Segment Start: Provided entries

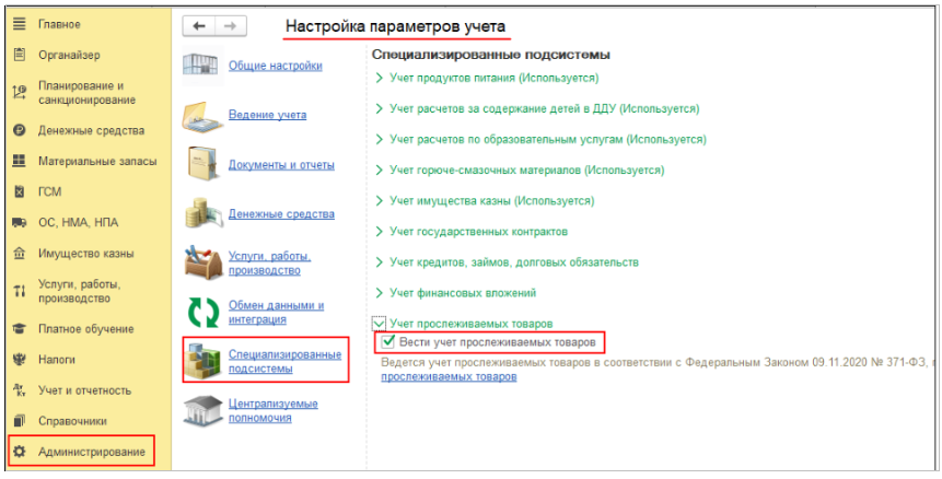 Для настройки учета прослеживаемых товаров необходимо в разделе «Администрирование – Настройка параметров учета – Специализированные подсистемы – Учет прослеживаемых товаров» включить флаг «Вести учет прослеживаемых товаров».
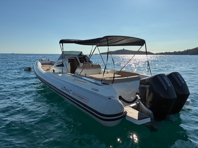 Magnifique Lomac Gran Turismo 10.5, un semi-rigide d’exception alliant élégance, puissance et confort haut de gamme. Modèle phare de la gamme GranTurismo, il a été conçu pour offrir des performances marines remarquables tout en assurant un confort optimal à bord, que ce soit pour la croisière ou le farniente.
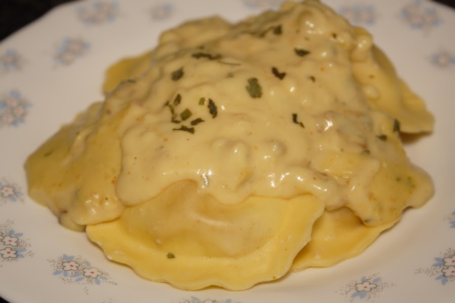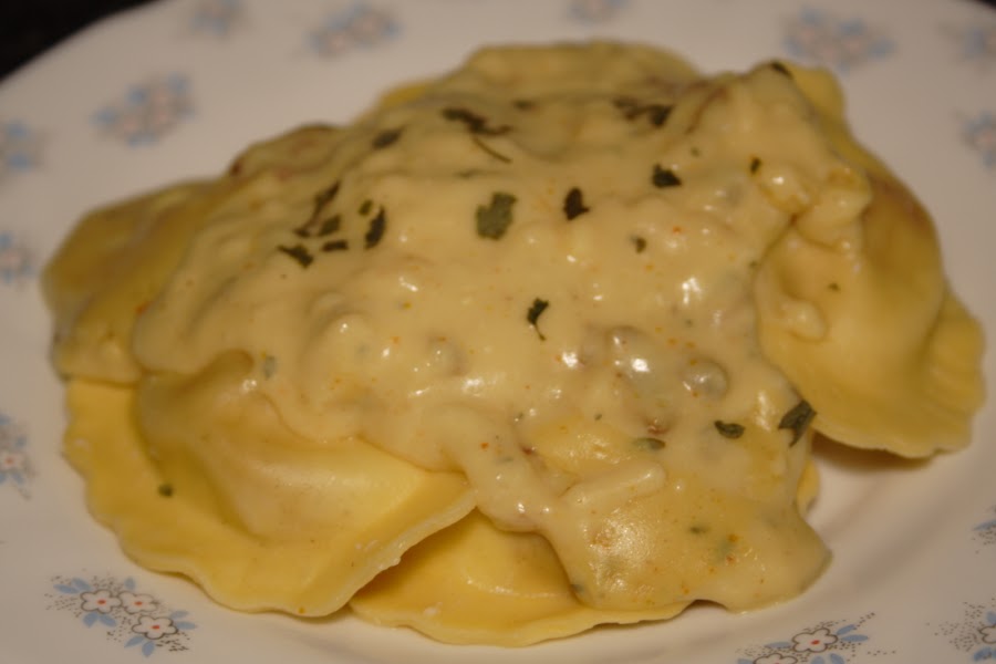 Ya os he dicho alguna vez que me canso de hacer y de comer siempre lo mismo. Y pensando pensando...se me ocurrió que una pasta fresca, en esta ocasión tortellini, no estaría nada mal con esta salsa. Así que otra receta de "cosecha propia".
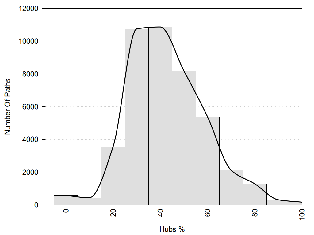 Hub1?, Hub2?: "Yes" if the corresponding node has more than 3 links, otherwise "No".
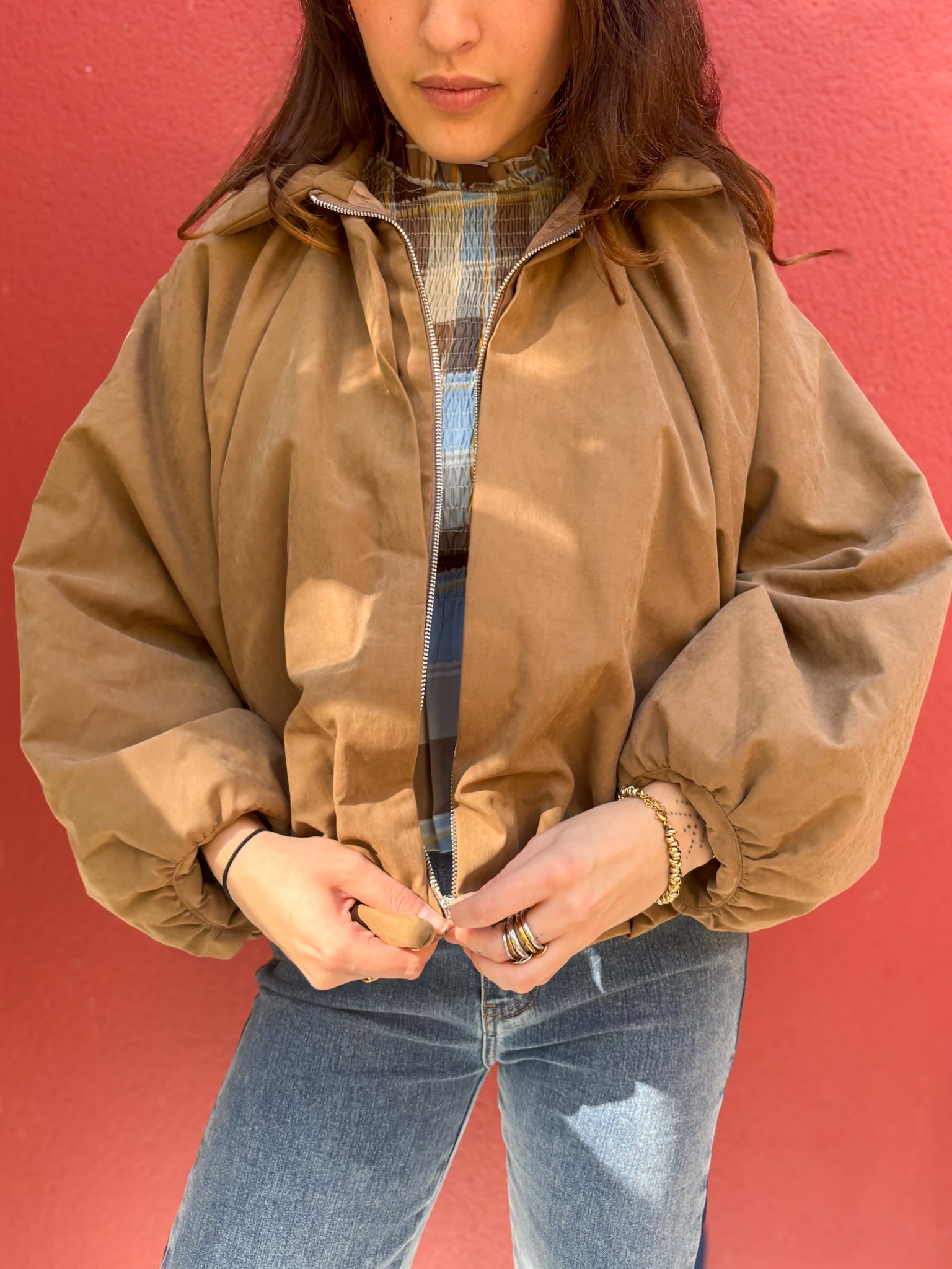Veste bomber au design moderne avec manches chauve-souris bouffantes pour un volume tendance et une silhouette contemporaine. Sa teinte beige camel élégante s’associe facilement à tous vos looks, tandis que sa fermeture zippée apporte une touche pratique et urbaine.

Segment End: Provided entries
Segment Start: Provided entries

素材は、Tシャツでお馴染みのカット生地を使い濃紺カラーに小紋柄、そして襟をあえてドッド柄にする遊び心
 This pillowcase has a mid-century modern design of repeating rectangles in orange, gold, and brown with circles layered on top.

Segment End: Provided entries
Segment Start: Provided entries

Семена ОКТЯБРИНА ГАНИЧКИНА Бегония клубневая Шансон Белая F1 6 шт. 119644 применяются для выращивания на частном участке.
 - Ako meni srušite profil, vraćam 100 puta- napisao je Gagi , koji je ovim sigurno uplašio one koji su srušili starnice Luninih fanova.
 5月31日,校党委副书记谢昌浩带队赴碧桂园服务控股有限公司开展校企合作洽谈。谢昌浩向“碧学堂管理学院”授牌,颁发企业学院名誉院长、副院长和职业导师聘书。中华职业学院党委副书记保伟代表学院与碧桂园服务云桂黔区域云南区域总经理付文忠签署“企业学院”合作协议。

Segment End: Provided entries

• What this task involves:
All that is needed is the exact run of lines above from the line containing "素材は、Tシャツでお馴染みの" through the line containing "This pillowcase has", both of them included.

• Solution to the exercise:
素材は、Tシャツでお馴染みのカット生地を使い濃紺カラーに小紋柄、そして襟をあえてドッド柄にする遊び心
 This pillowcase has a mid-century modern design of repeating rectangles in orange, gold, and brown with circles layered on top.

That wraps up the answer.